Certains évêques ont innové un crédo qui s’oppose tant aux Textes sacrés qu’à la raison saine. C'est pourquoi ils pourront vainement dire le Jour de la Résurrection : (Si nous avions écouté et réfléchi, nous ne serions pas parmi les gens du Feu).[5] Ils se réfèrent tout au plus à l’Évangile de Mathieu qui est le seul à rapporter, les paroles suivantes du Christ : « Baptisez les hommes au nom du Père et du Fils et du Saint Esprit. »[6] Si Jésus est vraiment l’auteur de ces paroles, leur sens n’a rien à voir avec celui que les chrétiens lui prêtent. Le fils prend ici le sens d’élu et de bien-aimé parmi les humains. D’autres versets utilisent le même terme en parlant de Jacob ou des apôtres. Quant au Saint-Esprit, il s’agit de l’Ange Gabriel ou du « souffle » qu’Allah insuffle à Ses Prophètes en vue de les guider et de les seconder comme celui qui est descendu sur David,[7] les Apôtres, ou encore sur les « saints ». Dans ce cas, si le Fils et le Saint-Esprit étaient des Attributs, cela reviendrait à dire que Dieu se serait incarné dans certaines créatures comme Il l’aurait fait pour Jésus. En outre, la Thora proclame que les tribus d’Israël sont les enfants et les aînés de Dieu,[8] et elle dit la même chose pour David.[9] Jésus lui-même déclare au sujet des apôtres : « je monte vers mon Père qui est votre Père et mon Dieu qui est votre Dieu. »[10] Il leur a ordonné de dire également au cours de leur prière : « Notre Père qui es aux cieux. »[11] Cela signifie-t-il pour autant que les prophètes, les apôtres, les enfants d’Israël et les « saints » soient des idoles ?
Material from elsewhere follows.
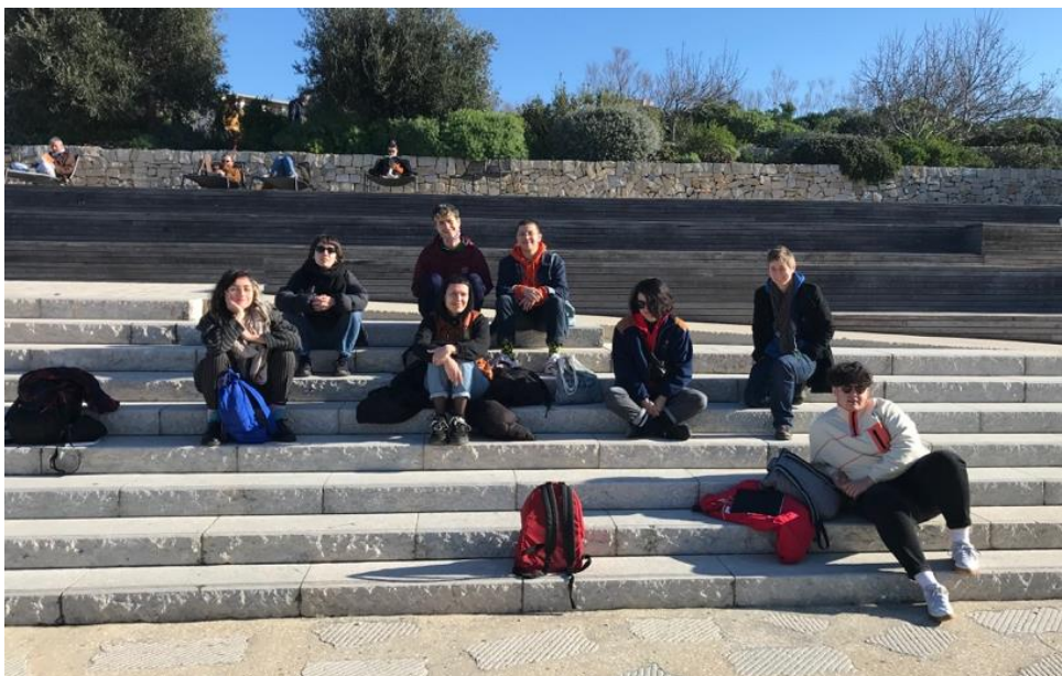
Workshop Love Janvier 2022 - Marseille

15-16 Janvier 2022. Théâtre Massalia à Marseille, WORKSHOP LOVE – 2 jours et 9 personnes invité·es (artistes, médiatrices, influenceuses...), en non-mixité choisie. La question soulevée pour ce workshop Love est : avec quelle idée de l'amour me suis-je construit·e ?

Qu’ils le veuillent ou non, les chrétiens reconnaissent trois divinités. Il suffit de se représenter la trinité pour constater qu’elle est complètement aberrante sans avoir recours à aucun argument pour la réfuter tant celle-ci est contraire à la raison. Est-il la peine de prouver que « un » ne fait pas « trois » et inversement ? Les opposés ne peuvent rationnellement se réunir, c’est comme vouloir prouver qu’une chose est à la fois existante et inexistante, ce qui est impossible. S’ils s’étaient contentés de dire que Dieu avait plusieurs Attributs, la plupart des tendances musulmanes le leur auraient accordé, bien qu’il reste le problème de les restreindre à trois. Dans l’hypothèse même où la Trinité serait rationnellement possible, ils n’auraient pas le droit d’y adhérer en se référant à un Texte ambigu au dépens des multiples autres Textes qui eux sont formels au sujet de l’Unicité. En revanche, s’ils établissent la divinité de Jésus sous prétexte que certains passages de l’Évangile le surnomment dieu ou en raison des miracles dont il fut l’auteur, il n’est pas en cela différent de Moïse que la Thora désigne comme le dieu de Aaron et de Pharaon et qui fit des miracles bien plus grandioses que ceux de leur prétendu dieu.

Par ailleurs, leur crédo les fait sombrer dans des difficultés imparables comme pour la question d’engendrer une chose qui provient automatiquement de deux entités distinctes. Venant d’une seule entité, il n’est pas question d’engendrement et il est encore moins pertinent d’avancer que Dieu a engendré l’un de Ses Attributs dans l’hypothèse où Jésus compterait parmi Ses Attributs, surtout en ce qui concerne les Attributs « intrinsèques » (ou essentiel) comme la Vie et le Savoir ; cela consisterait à dire par exemple qu’Il aurait engendré Son Savoir ou Sa vie ; ce qui n’a aucun sens pour toute personne sensée affiliée à n’importe quelle confession.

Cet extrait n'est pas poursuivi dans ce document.